Quantification and statistical analysis

Microsoft Excel and Prism 6 were used for statistical analysis. Mean ± s.e.m. is shown in all graphs. Unpaired two-tailed Student’s t-test was used to determine the significant differences between the two conditions in Figures 2F, 3D, 4B–4E, 4H, 4K–4M, S1A, S5E, S5H, and S5I). p < 0.05 was considered a significant difference. ∗, 0.01 < p < 0.05; ∗∗, 0.001 < p < 0.01; ∗∗∗, p < 0.001. One-way ANOVA calculated adjusted p values to compare more than two conditions in Figures 1E, 1H, 3H, S1D, S1E, and S6K. Tukey test was used for multiple comparisons and the p value was adjusted to account for multiple comparisons. Two-way ANOVA calculated adjusted p values to compare atmosphere and 5% CO₂ conditions by Sidak test in Figure 1E.

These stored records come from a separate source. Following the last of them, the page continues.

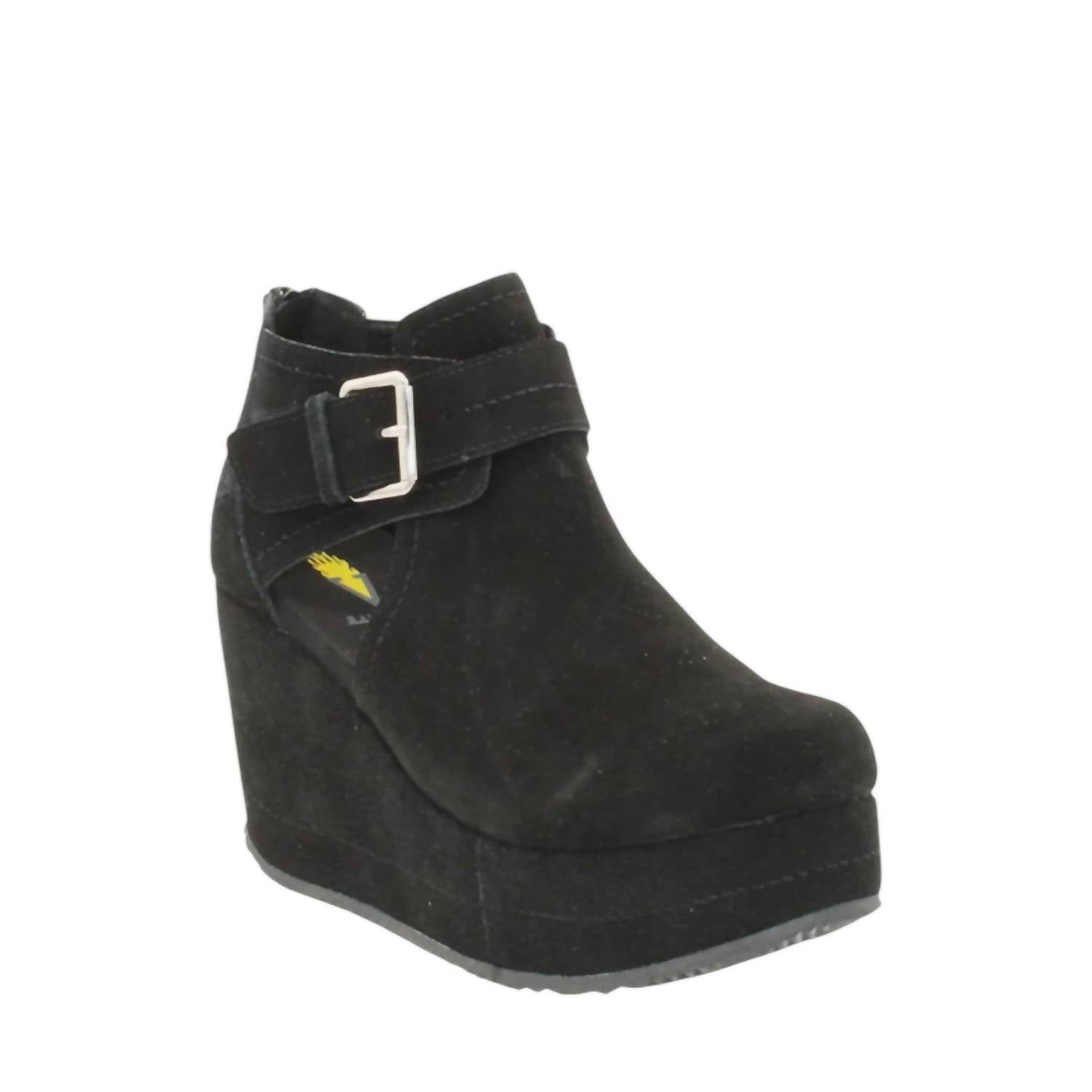 Elevate your fall wardrobe with the Women's Romford Wedge Booties by VOLATILE, a perfect blend of style and function. Crafted from black suede, these booties feature a chic round toe silhouette and a sleek 3-inch wedge heel for a comfortable lift. An adjustable ankle strap buckle and side zip closure add versatility and a hint of moto edge to these imported shoes. Composition includes a leather upper with a synthetic lining and a rubber outsole, making them ideal for travel and Thanksgiving occasions.
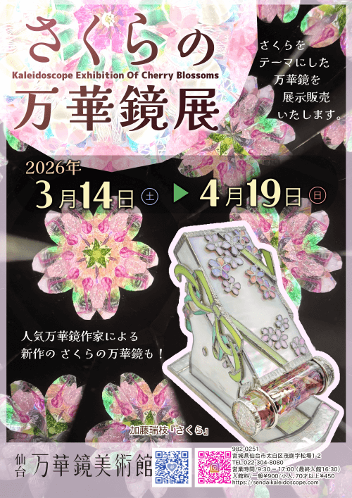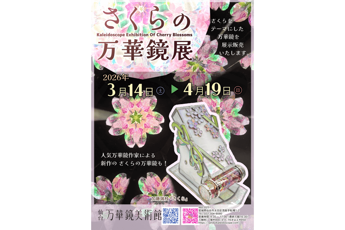 トピックス / イベント 仙台市 万華鏡の中に春を感じてみよう 「さくらの万華鏡展」4月19日まで開催中 2026年3月16日 12:00 更新 仙台万華鏡美術館では4月19日まで、「さくらの万華鏡展」が開催中。収蔵品を含めた選りすぐりの「桜の万華鏡」を展示し、人気作家の新作も展示販売。ひとあしはやい春を感じることができる。DATA開催期間:~4月19日開館時間:9時30分〜17時(最終入館 16時30分)開催場所:仙台万華鏡美術館(宮城県仙台市太白区茂庭字松場1-2) 関連リンク イベント情報 仙台万華鏡美術館
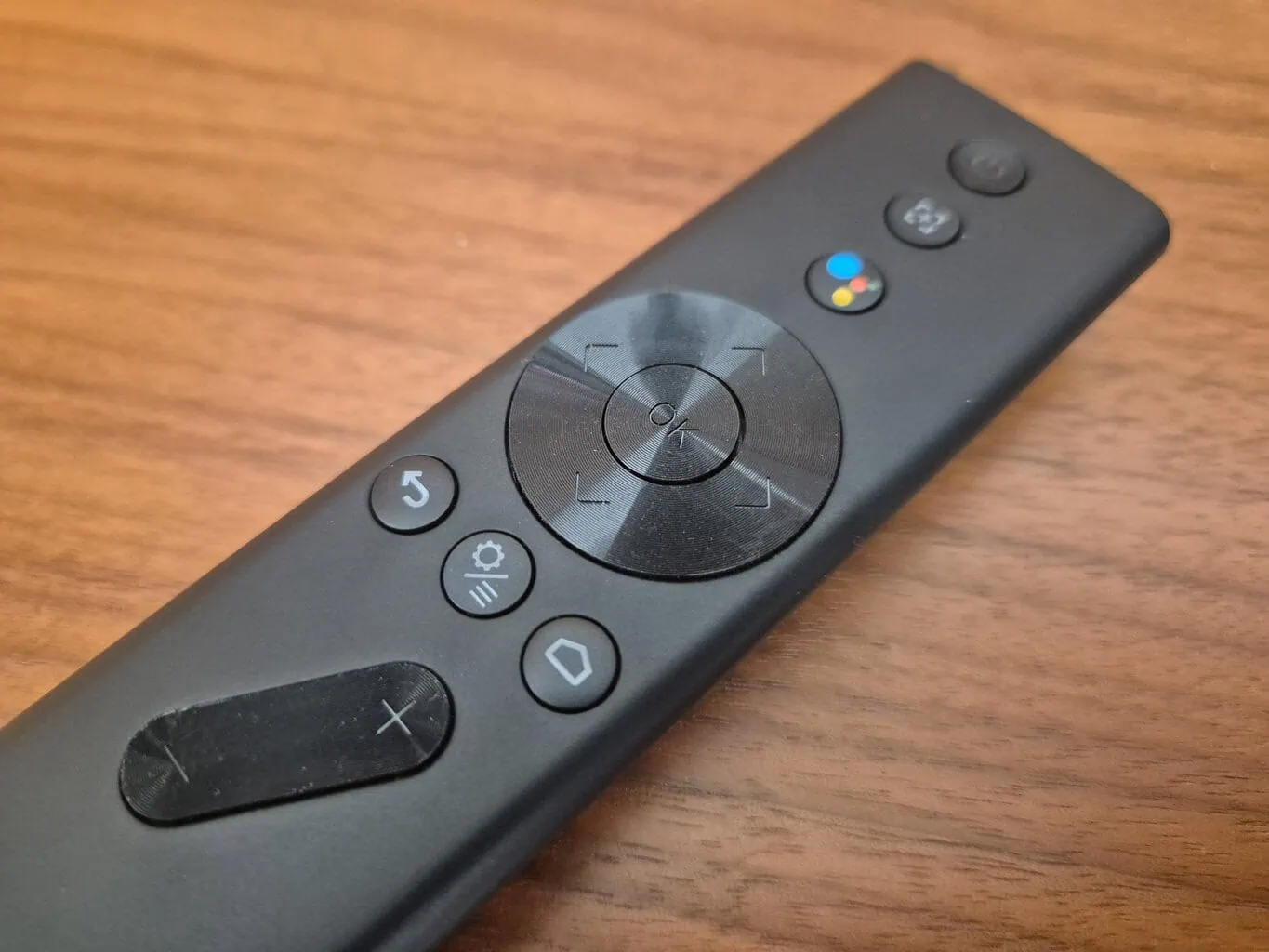 Pilot oferuje tutaj tylko podstawowe funkcje. Najważniejszy jest oczywiście krzyżak kierunkowy ze środkowym przyciskiem do zatwierdzania wyboru, któremu towarzyszą przyciski Wstecz i Strona główna. Nie zabrakło szybkiego przejścia do ustawień (lub otwarcia menu kontekstowego), sterowania głosowego oraz regulacji głośności.
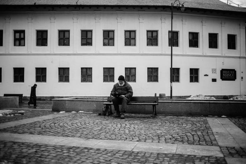 L-am cunoscut pe Radu acum două luni,. Se adăpostea la „hotel”, o clădire abandonată pe malul lacului Floreasca. Scări întunecate, acoperite de fecale, betoane, unghiuri drepte, plastic colorat în apă, sunetul șobolanilor căutând de mâncare. Se aflau acolo, însă, patru saltele, o adevărată binecuvântare pentru boschetarii (așa cum își spun ei) obișnuiți să doarmă pe scândurile tari ale băncilor. Ne-am întâlnit două săptămâni mai târziu pe holurile de laSamusocial, un ONG care sprijină oamenii fără adăpost din București. Am vorbit aproape jumătate de oră și m-a surprins tonul lui blând, liniștit, un pic stingher, neașteptat pentru fizicul de fost jucător de rugby. „Nu prea sunt obișnuit cu viața asta”, mi-a spus. „Nu-i a mea, în primul rând. Nu sunt făcut pentru așa ceva. Alții se mândresc cu 25 de ani de boschetărie.”

Published: February 17, 2023

Data and code availability

• •All original data underlying this manuscript can be accessed from the Stowers Original Data Repository at: http://www.stowers.org/research/publications/libpb-1281.
• •All codes used for plugins in Fiji are available at: https://github.com/jouyun.
• •All software within this manuscript is referenced in the key resources table.